I'm new to Rails so my current project is in a weird state.我是 Rails 的新手,所以我当前的项目处于一种奇怪的状态。
One of the first things I generated was a "Movie" model.我生成的第一件事是“电影”模型。 I then started defining it in more detail, added a few methods, etc.
然后我开始更详细地定义它,添加一些方法等。
I now realize I should have generated it with rails generate scaffold
to hook up things like the routing, views, controller, etc.我现在意识到我应该用
rails generate scaffold
生成它来连接路由、视图、控制器等。
I tried to generate the scaffolding but I got an error saying a migration file with the same name already exists.我尝试生成脚手架,但收到错误消息,指出已存在同名的迁移文件。

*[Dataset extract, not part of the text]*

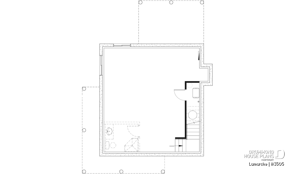 The LAMARCHE house plan (#3505) features a charming two-story country-style design with warm rustic character, perfect for families or couples looking for a welcoming, bright, and thoughtfully designed home. With a total of 1,200 square feet of living space distributed between the main floor and the upper level, this compact model offers an efficient and comfortable interior layout. In addition, the 624-square-foot unfinished basement provides the opportunity to add extra living space according to current or future needs.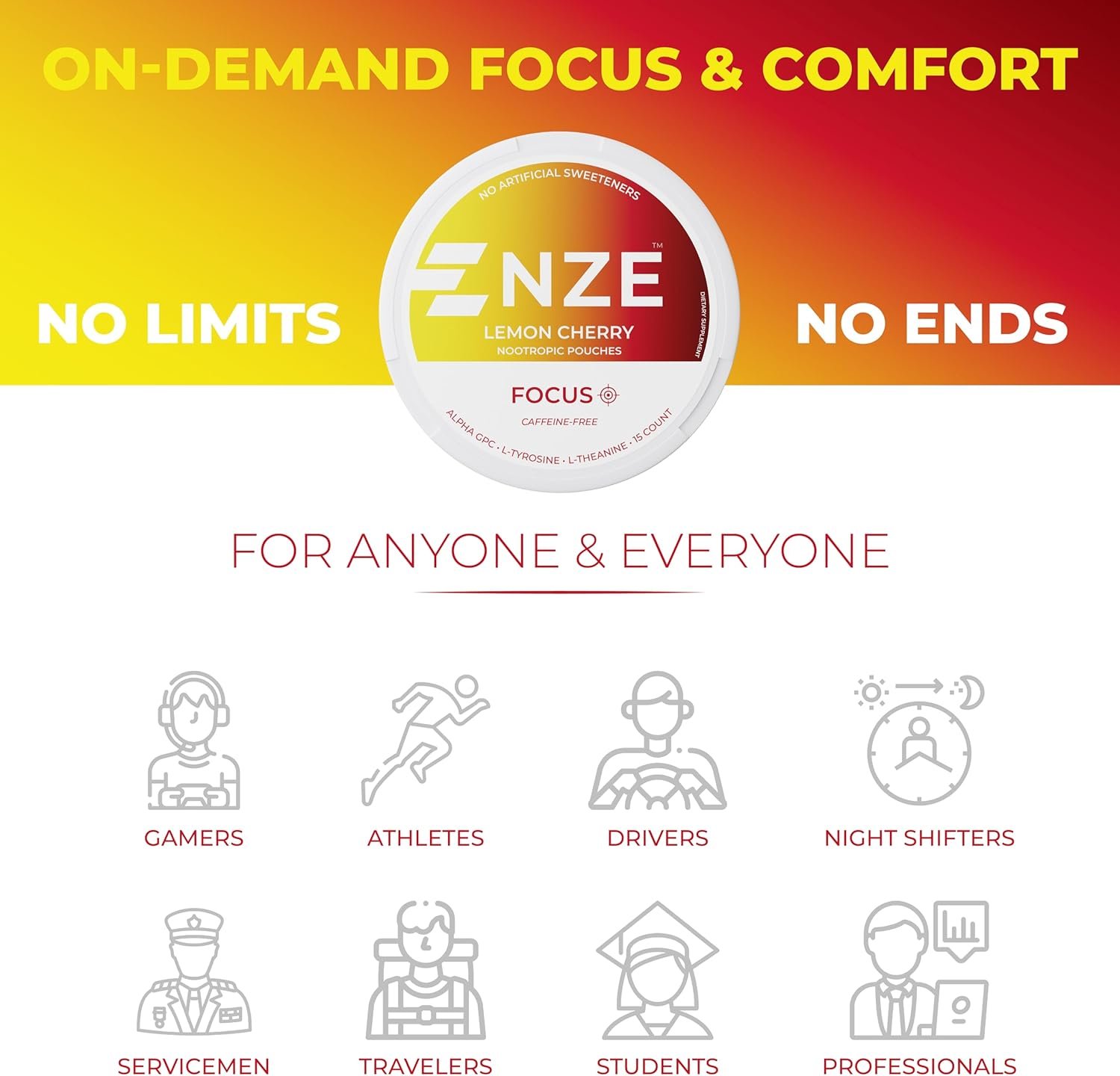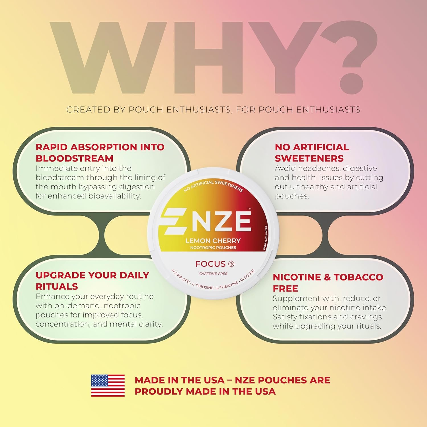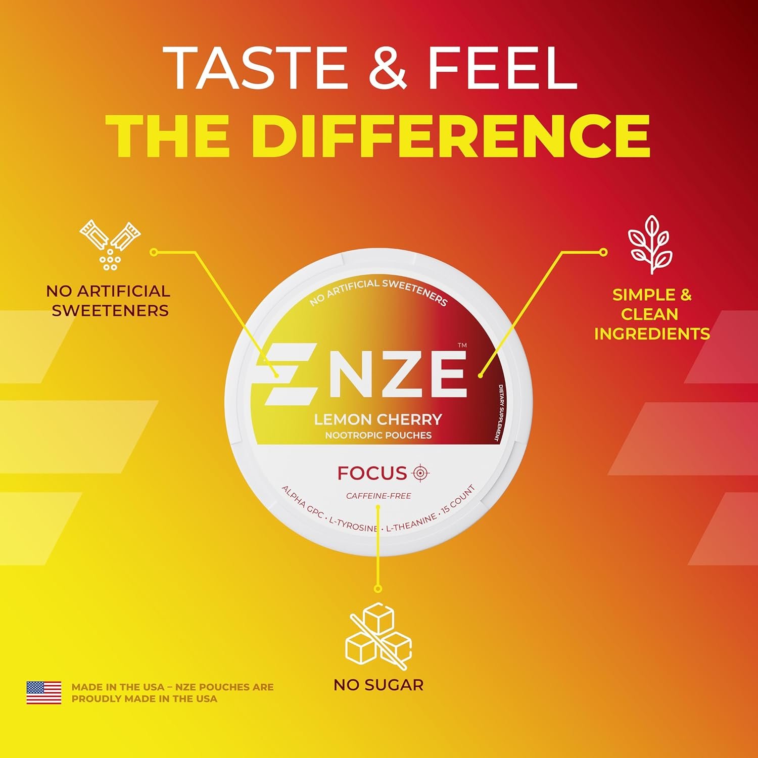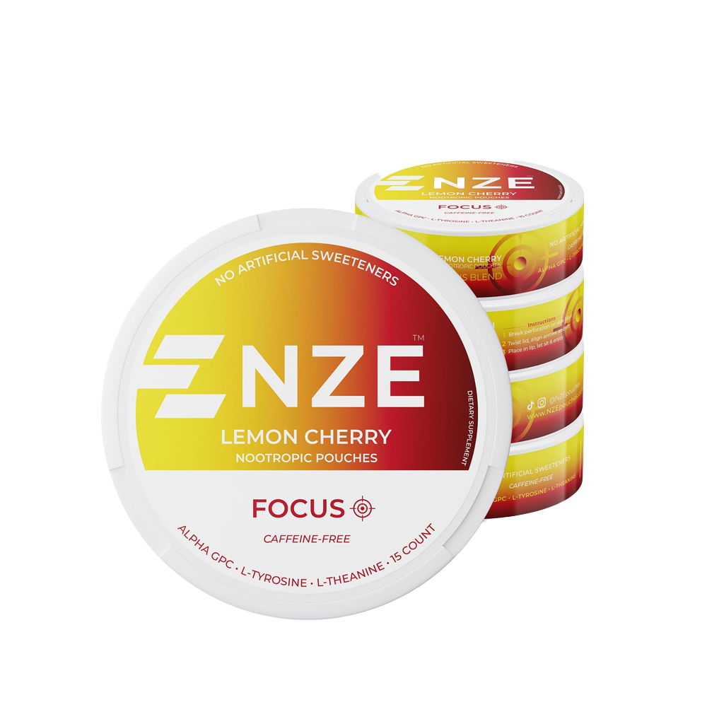- Boost Focus – NZE Focus pouches are Caffeine-Free and are enhanced with Premium Nootropics consisting of 50mg L-Theanine, 50mg Alpha GPC and 50mg L-Tyrosine to keep you operating at peak mental performance.

What's the best way for me to create scaffolding for my "Movie" now?现在为我的“电影”创建脚手架的最佳方式是什么? (using rails 3)
(使用导轨 3)
TL;DR : rails g scaffold_controller <name>
TL;DR :
rails g scaffold_controller <name>
Even though you already have a model, you can still generate the necessary controller and migration files by using the rails generate
option.即使您已经有了一个模型,您仍然可以使用
rails generate
选项生成必要的控制器和迁移文件。 If you run rails generate -h
you can see all of the options available to you.如果您运行
rails generate -h
您可以看到所有可用的选项。
Rails:
controller
generator
helper
integration_test
mailer
migration
model
observer
performance_test
plugin
resource
scaffold
scaffold_controller
session_migration
stylesheets
If you'd like to generate a controller scaffold for your model, see scaffold_controller
.如果您想为模型生成控制器脚手架,请参阅
scaffold_controller
。 Just for clarity, here's the description on that:为了清楚起见,这里是关于它的描述:
Stubs out a scaffolded controller and its views.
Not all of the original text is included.